From the first line to the last, write out the records exactly, leaving out images.

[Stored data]
^^^^
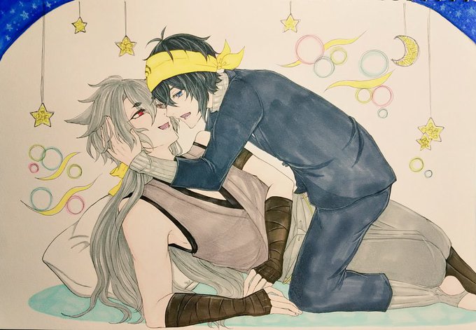 うちわのイラスト完成やったね✌️✨もうポーズがどうしていいか分からんかった← ほぼ色塗りしてない(安定)けど!!も!!! 松井と豊前〜🙌ここ推しで行きます← #生茶のお絵描き
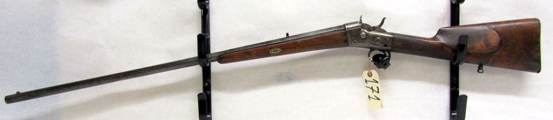 NON-RESTRICTED, SINGLE-SHOT, 16 GA., 35" BAREL, SN 40639. STOCK HAS MANY WEAR MARKS AND DENTS, SMALL SPLINTER MISSING BEHIND RECEIVER, CRACK IN FOREND. BLUEING IS MOSTLY WORN OFF, SOME PITTING ON RECEIVER. BORE HAS SOME PIT MARKS.
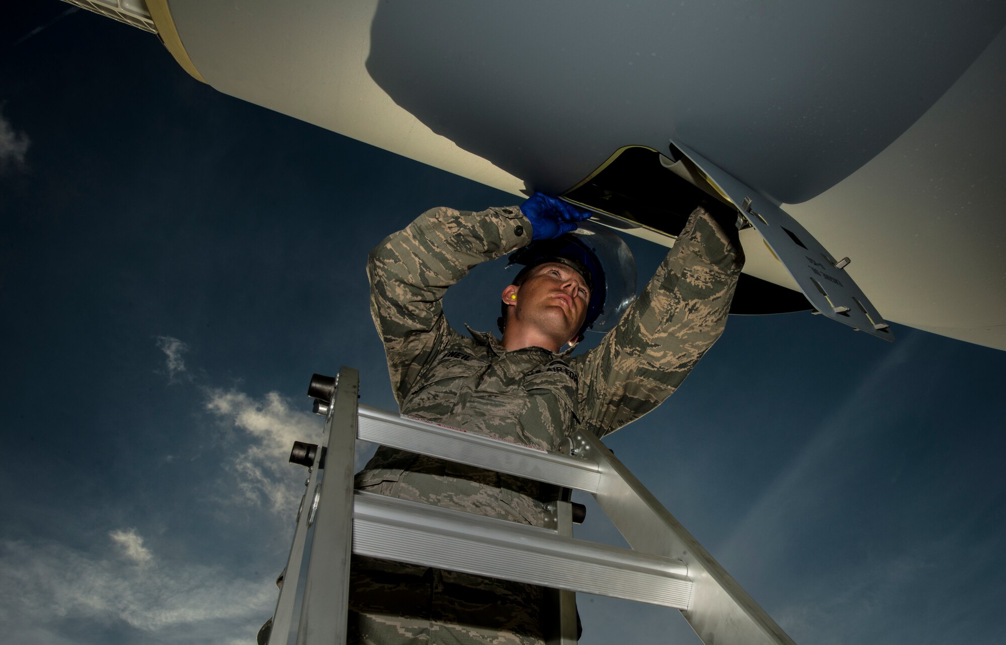 Senior Airman Jay O’Neil, and Airman 1st Class Matthew Taresh, 437th Aircraft Maintenance Squadron crew chiefs, perform the first recovery and maintenance checks on a new C-17 Globemaster III delivered May 30, 2013, to Joint Base Charleston – Air Base, S.C. The C-17 was piloted by Lt. Gen. Robert Allardice, Air Mobility Command vice commander. Joint Base Charleston is scheduled to receive the final C-17 later this year, as Boeing completes work on the Air Force’s last Globemaster. The first C-17 to enter the Air Force’s inventory arrived at Charleston Air Force Base in June 1993. The C-17 is capable of rapid strategic delivery of troops and all types of cargo to main operating bases or directly to forward bases in the deployment area. (U.S. Air Force photo/Senior Airman Dennis Sloan)
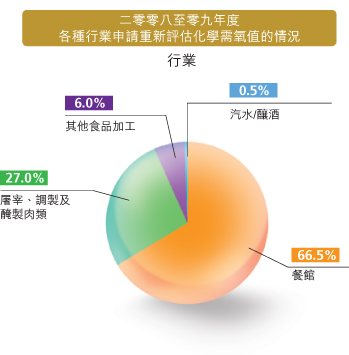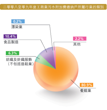 在二零零八至零九年度,我們共收到200宗重新評估工商業污水附加費收費率的申請和27宗重新評估排污比率的申請。在此年度獲得批准的個案,則分別為187宗和8宗。附圖是二零零八至零九年度各種行業申請重新評估工商業污水附加費收費率(重新評估化學需氧值)的情況。 |
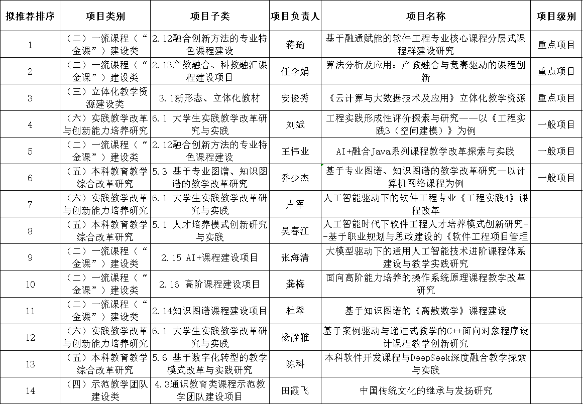 根据《关于开展2025年本科教育教学研究与改革项目暨本科教学工程项目申报及2023-2024年本科教学工程项目结题验收、年度检查工作的通》(教务发【2025】1号)文件要求,经教师本人申请,学院“2025年本科教育教学研究与改革项目暨本科教学工程项目评审小组”对申报项目进行了双盲评审排序,结果如下:
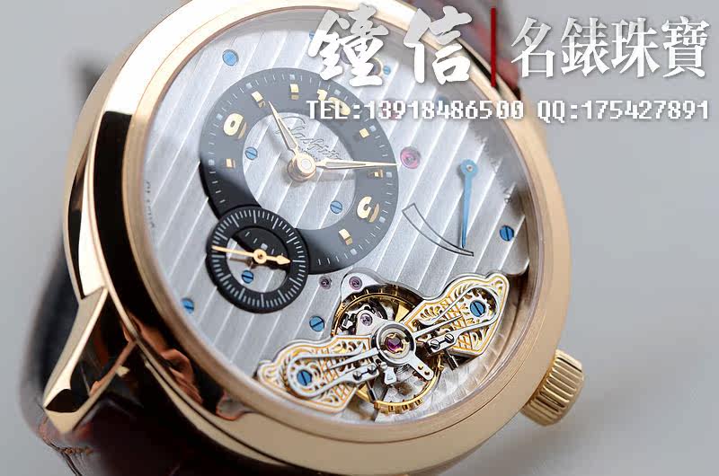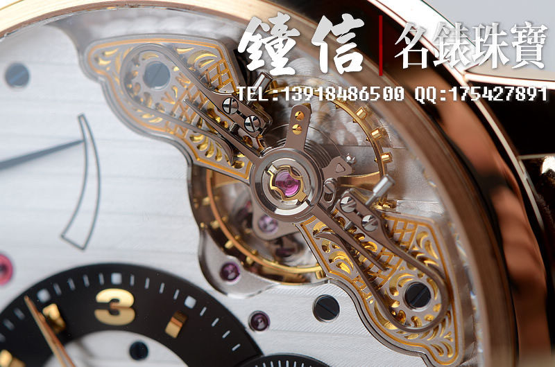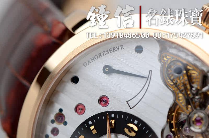 GO自厂66手上链机芯,31钻,28800摆频。打磨极其精细且具备很强的艺术感。双鹅颈微调,别出心裁的反做鹅颈于表盘正面。这个款式获得了2010年巴塞尔表展设计大奖。小三针偏心设计,德国顶级表的风格典范。走时精准。
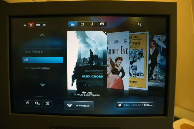 Ogni posto ha un moderno sistema di intrattenimento individuale con schermo touch, sono disponibili parecchi film tra cui scegliere, molti dei quali doppiati in italiano, il che è abbastanza una rarità su altri voli.
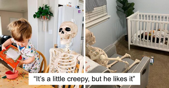 Toddler Befriends A Creepy Skeleton His Parents Got As A Halloween Decoration, Even Has It Watch Over Him As He Sleeps
^^^^
- Task response -
 うちわのイラスト完成やったね✌️✨もうポーズがどうしていいか分からんかった← ほぼ色塗りしてない(安定)けど!!も!!! 松井と豊前〜🙌ここ推しで行きます← #生茶のお絵描き
 NON-RESTRICTED, SINGLE-SHOT, 16 GA., 35" BAREL, SN 40639. STOCK HAS MANY WEAR MARKS AND DENTS, SMALL SPLINTER MISSING BEHIND RECEIVER, CRACK IN FOREND. BLUEING IS MOSTLY WORN OFF, SOME PITTING ON RECEIVER. BORE HAS SOME PIT MARKS.
 Senior Airman Jay O’Neil, and Airman 1st Class Matthew Taresh, 437th Aircraft Maintenance Squadron crew chiefs, perform the first recovery and maintenance checks on a new C-17 Globemaster III delivered May 30, 2013, to Joint Base Charleston – Air Base, S.C. The C-17 was piloted by Lt. Gen. Robert Allardice, Air Mobility Command vice commander. Joint Base Charleston is scheduled to receive the final C-17 later this year, as Boeing completes work on the Air Force’s last Globemaster. The first C-17 to enter the Air Force’s inventory arrived at Charleston Air Force Base in June 1993. The C-17 is capable of rapid strategic delivery of troops and all types of cargo to main operating bases or directly to forward bases in the deployment area. (U.S. Air Force photo/Senior Airman Dennis Sloan)
 在二零零八至零九年度,我們共收到200宗重新評估工商業污水附加費收費率的申請和27宗重新評估排污比率的申請。在此年度獲得批准的個案,則分別為187宗和8宗。附圖是二零零八至零九年度各種行業申請重新評估工商業污水附加費收費率(重新評估化學需氧值)的情況。 |
 根据《关于开展2025年本科教育教学研究与改革项目暨本科教学工程项目申报及2023-2024年本科教学工程项目结题验收、年度检查工作的通》(教务发【2025】1号)文件要求,经教师本人申请,学院“2025年本科教育教学研究与改革项目暨本科教学工程项目评审小组”对申报项目进行了双盲评审排序,结果如下:
 GO自厂66手上链机芯,31钻,28800摆频。打磨极其精细且具备很强的艺术感。双鹅颈微调,别出心裁的反做鹅颈于表盘正面。这个款式获得了2010年巴塞尔表展设计大奖。小三针偏心设计,德国顶级表的风格典范。走时精准。
 Ogni posto ha un moderno sistema di intrattenimento individuale con schermo touch, sono disponibili parecchi film tra cui scegliere, molti dei quali doppiati in italiano, il che è abbastanza una rarità su altri voli.
 Toddler Befriends A Creepy Skeleton His Parents Got As A Halloween Decoration, Even Has It Watch Over Him As He Sleeps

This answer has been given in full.